The semantic pipeline can query multiple pillars in a single reasoning cycle. A question like "How do contributor engagement patterns affect initiative velocity?" pulls evidence from Engagement, Strategy, and Throughput simultaneously.
Epistemic Reasoning
Cognis does not pretend to know everything. Every response carries epistemic markers that separate what it knows from what it does not.
- Facts What the data definitively shows. Grounded in analyzed commits, PRs, deployments, and patterns.
- Unknowns What the data does not cover. Gaps in context, missing signals, or areas outside the analysis window.

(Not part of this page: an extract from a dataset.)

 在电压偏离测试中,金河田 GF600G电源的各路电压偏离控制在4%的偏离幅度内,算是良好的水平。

- Confidence How certain Cognis is in its conclusions. High confidence means strong signal coverage. Low confidence means the answer is directional, not definitive.

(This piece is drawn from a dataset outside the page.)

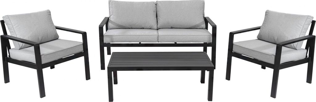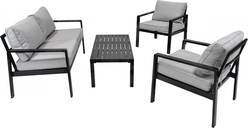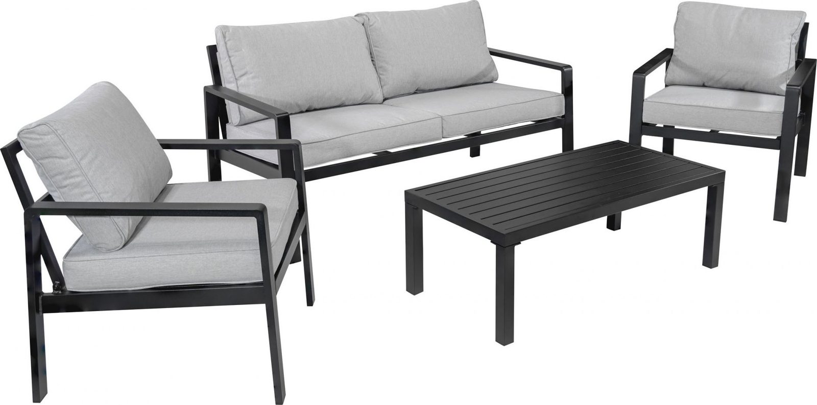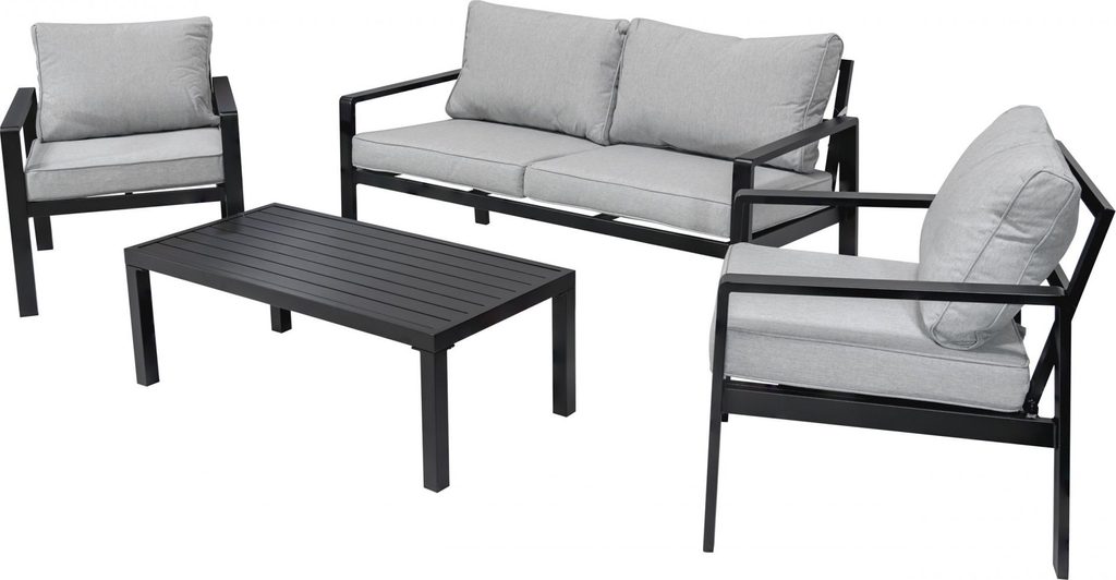 Konstrukce všech prvků soupravy je usazena na HLINÍKOVÝCH rámech, což zajišťuje, že souprava je lehká a odolná vůči povětrnostním vlivům. Díky použití prvotřídního hliníku je souprava zcela odolná vůči korozi. Souprava obsahuje 8 měkkých polštářů z bavlny, které se velmi snadno udržují v čistotě. Potahy sedáků mají zipy, takže je lze sejmout a vyprat. Vložky polštářů jsou vyrobeny z odolné čalounické pěny o tloušťce přibližně 9 cm. Rozměry Pohovka

Beyond these markers, Cognis classifies your epistemic intent -- whether you are exploring state, confirming a hypothesis, comparing entities, seeking guidance, or refining a prior answer. This classification determines how many reasoning iterations to run and how aggressively to gather evidence. A "What should I focus on?" question gets up to 3 iterations. A "Why did you say that?" gets 1.
This is a design choice, not a limitation. Leaders make better decisions when they know what they don't know.
Actions
Cognis does not just answer questions. It can take action -- with your explicit approval.
When you ask Cognis to create something (a vision, a theme, an initiative, a roadmap), it enters a facilitated session. It asks structured clarifying questions to gather the required fields, presents a proposal for your review, and executes only after you approve. The entire lifecycle is event-sourced and auditable.
- → Session Model — Each action creation starts a CognisSession tied to your thread. Only one active session per thread. While a session is active, all messages route to the artifact engine.
- → Artifact Model — A mutable working surface (draft state) where Cognis builds the artifact as it collects your inputs through facilitation.
- → Propose-Approve-Execute — Actions follow a strict lifecycle: proposed (with risk level and approval policy), approved or rejected by you, then executed. No mutation happens without your consent.
Memory
Cognis has a three-layer memory architecture. It does not rely on stuffing your entire conversation history into an LLM prompt.
- → Evidence Memory — The data fetched for a single message. Ephemeral. Lives only during the reasoning cycle and is discarded after synthesis. This is the raw material Cognis reasons over.
- → Working Memory — Persisted per-thread across turns. Tracks the focus entity (who or what you are discussing), the last pillar queried, and high-confidence facts established in prior turns. This is how Cognis handles follow-ups -- if you ask about Team Alpha and then say "What about their throughput?", working memory carries the context forward.
- → Knowledge Store — Cross-thread memory with 7-30 day expiry. After each reasoning cycle, notable findings (bus factor risks, at-risk contributors, dormant repos, stalled initiatives) are extracted and persisted. When you start a new conversation, Cognis loads relevant prior findings so it can say "Prior analysis confirms..." instead of re-deriving everything from scratch.